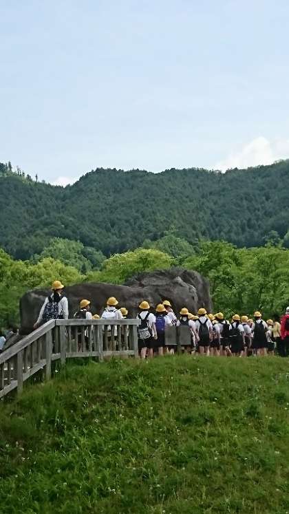 お弁当を食べた後は、石舞台古墳の前で記念撮影をしました。最後に石舞台古墳の下に潜り見学をし、飛鳥をあとにしました。
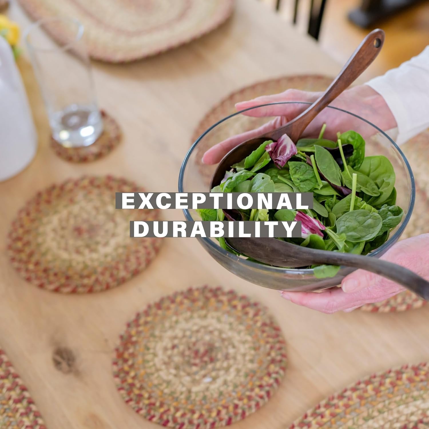 • DURABLE ROUND BRAIDED PLACEMATS: Our round braided placemats boast a unique design free from the typical tail found in oval braids, offering a sleek and refined look. The robust poly-cotton thread stitching ensures they withstand daily use, making them a long-lasting addition to your table setting.
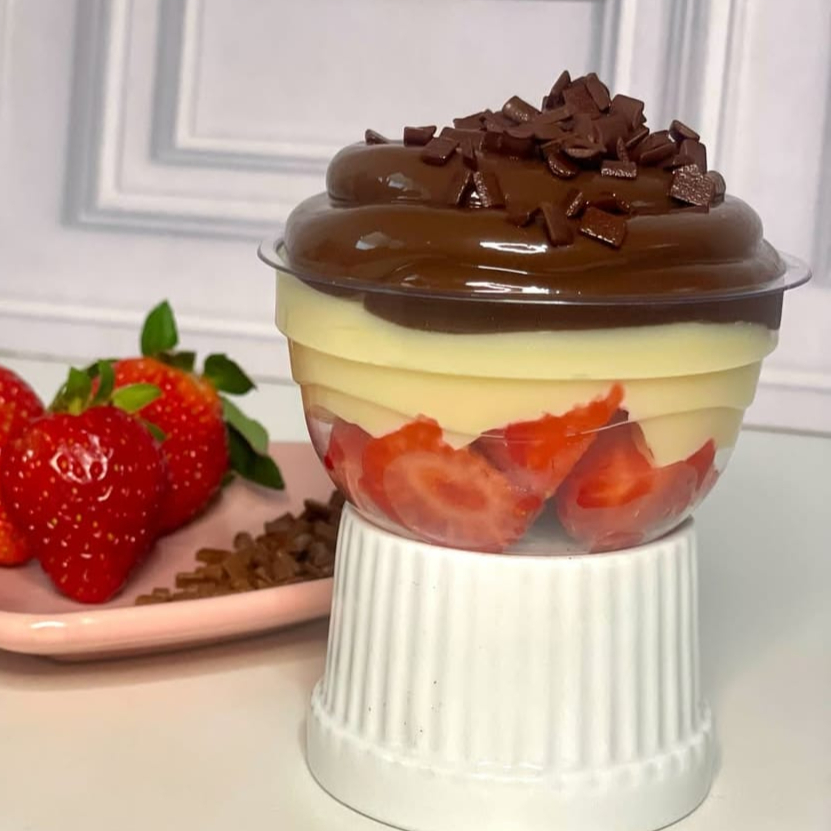 FEITO COM MORANGOS FRESCOS, CREME DE BRIGADEIRO BRANCO OU CREME DE NINHO SUPER CREMOSO E FINALIZADO COM UMA COBERTURA DE CHOCOLATE IRRESISTÍVEL. A SOBREMESA PERFEITA PARA ENCANTAR NA MESA E ADOÇAR QUALQUER MOMENTO! OBS: >>> TAMANHO P - PESO 550G APROX.
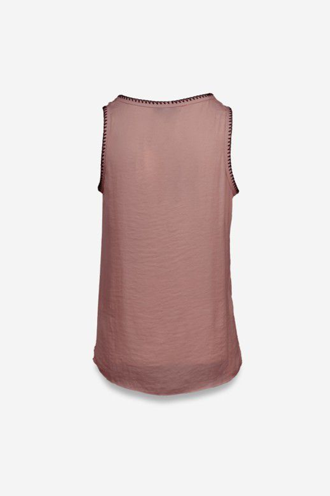 Blusa sisada en suave tela fluida color mauve, con detalle bordado negro en cuello circular y mangas.
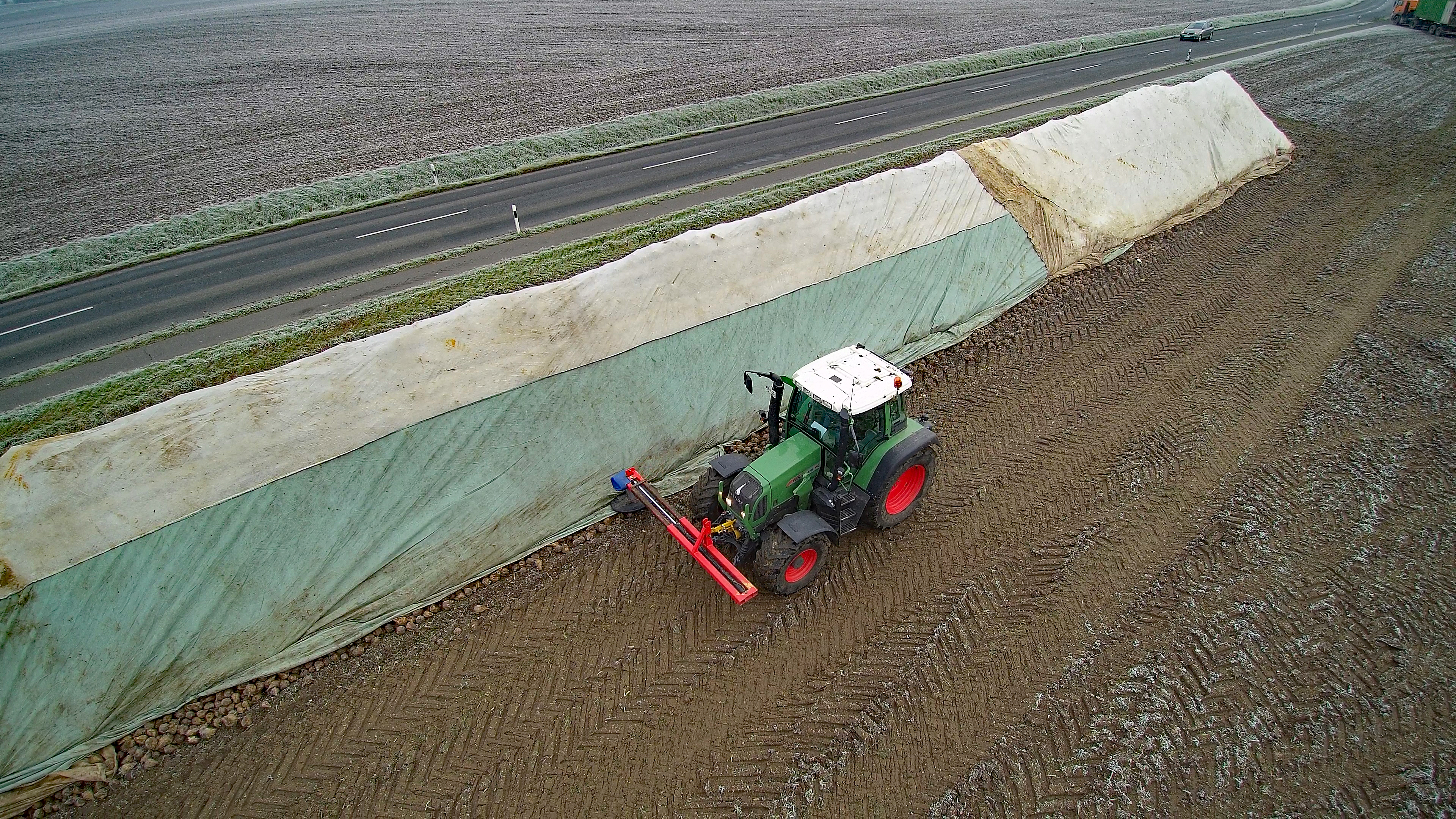 Dugene er på nuværende tidspunkt frosne og kan ikke rulles op. Derfor er kuledækkerne nødt til at trække dem af, og lade dem ligge i markerne. De kommer og henter dem, så snart det bliver tøvejr, og når de har tid, kommer de rundt og ruller dem op.
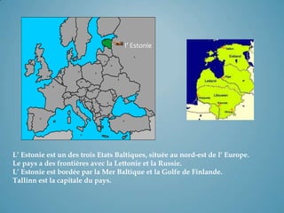 L'Estonie est un des trois États baltiques situé en Europe du Nord-Est, avec des frontières avec la Letttonie et la Russie. Sa capitale est Tallinn, qui est accompagnée d'autres villes comme Tartu, ainsi que des attractions telles que le parc national de Lahemaa et le manoir Palmse.
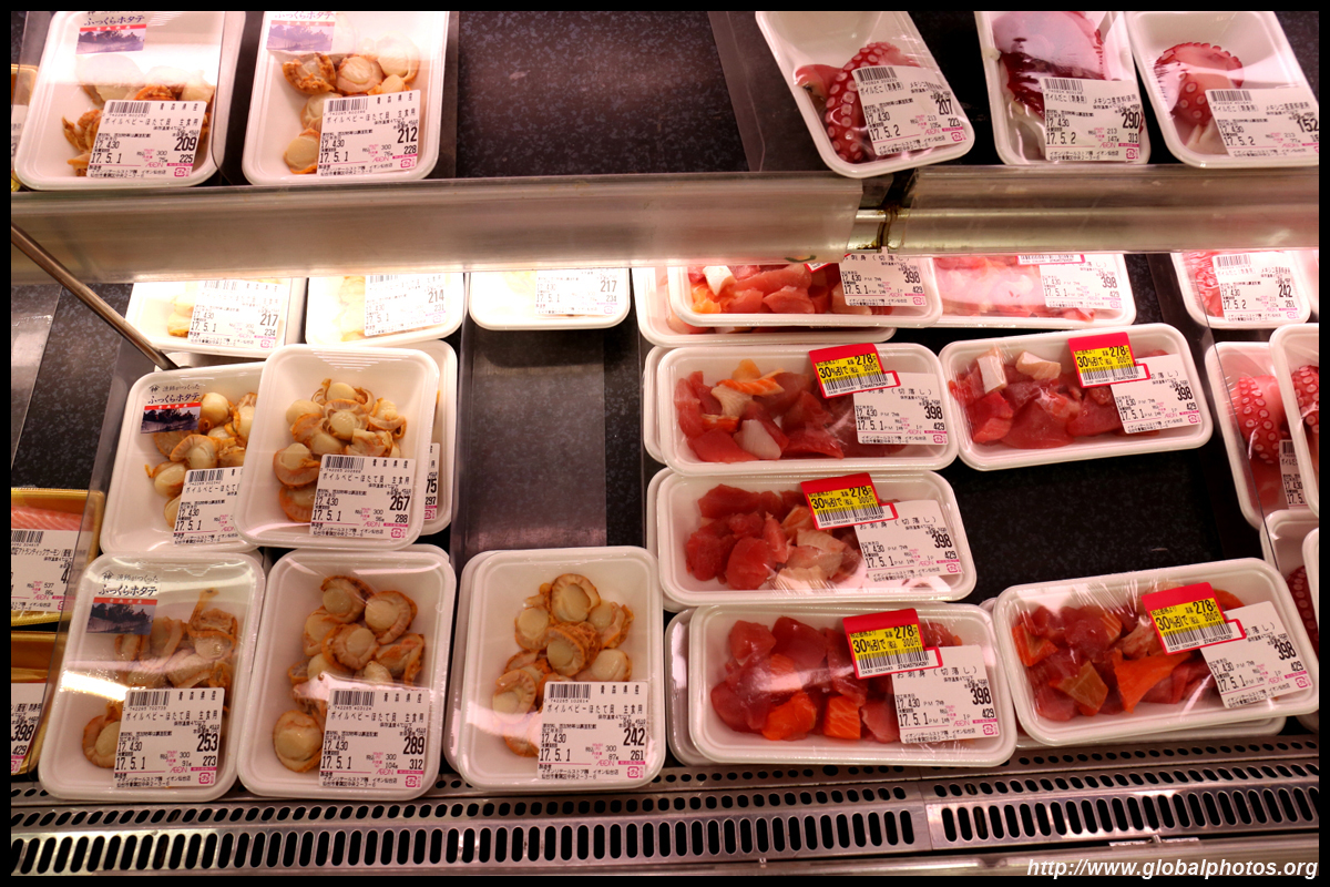 As closing time draws near, prices for fresh seafood, such as sashimi, are slashed. Bargain hunters take note!
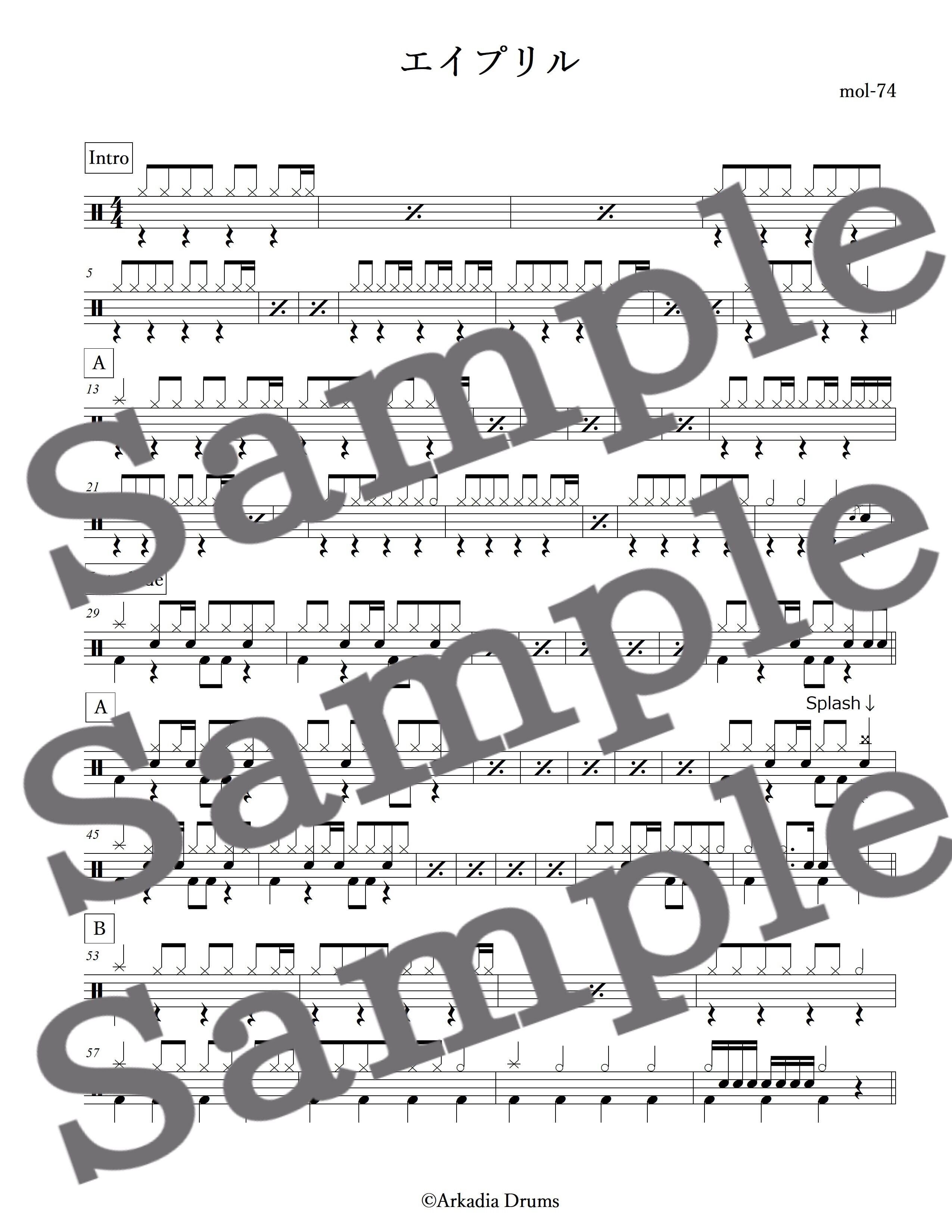 ドラムのみの楽譜であること、また大きめのセクションマークを配置しているので、演奏中でも迷いにくいのが特徴です。

----------

PROBLEM STATEMENT: Begin at the first line of the material and copy each line exactly through the one containing "your table setting.". Omit pictures.

ANSWER TO THE EXERCISE:
 お弁当を食べた後は、石舞台古墳の前で記念撮影をしました。最後に石舞台古墳の下に潜り見学をし、飛鳥をあとにしました。
 • DURABLE ROUND BRAIDED PLACEMATS: Our round braided placemats boast a unique design free from the typical tail found in oval braids, offering a sleek and refined look. The robust poly-cotton thread stitching ensures they withstand daily use, making them a long-lasting addition to your table setting.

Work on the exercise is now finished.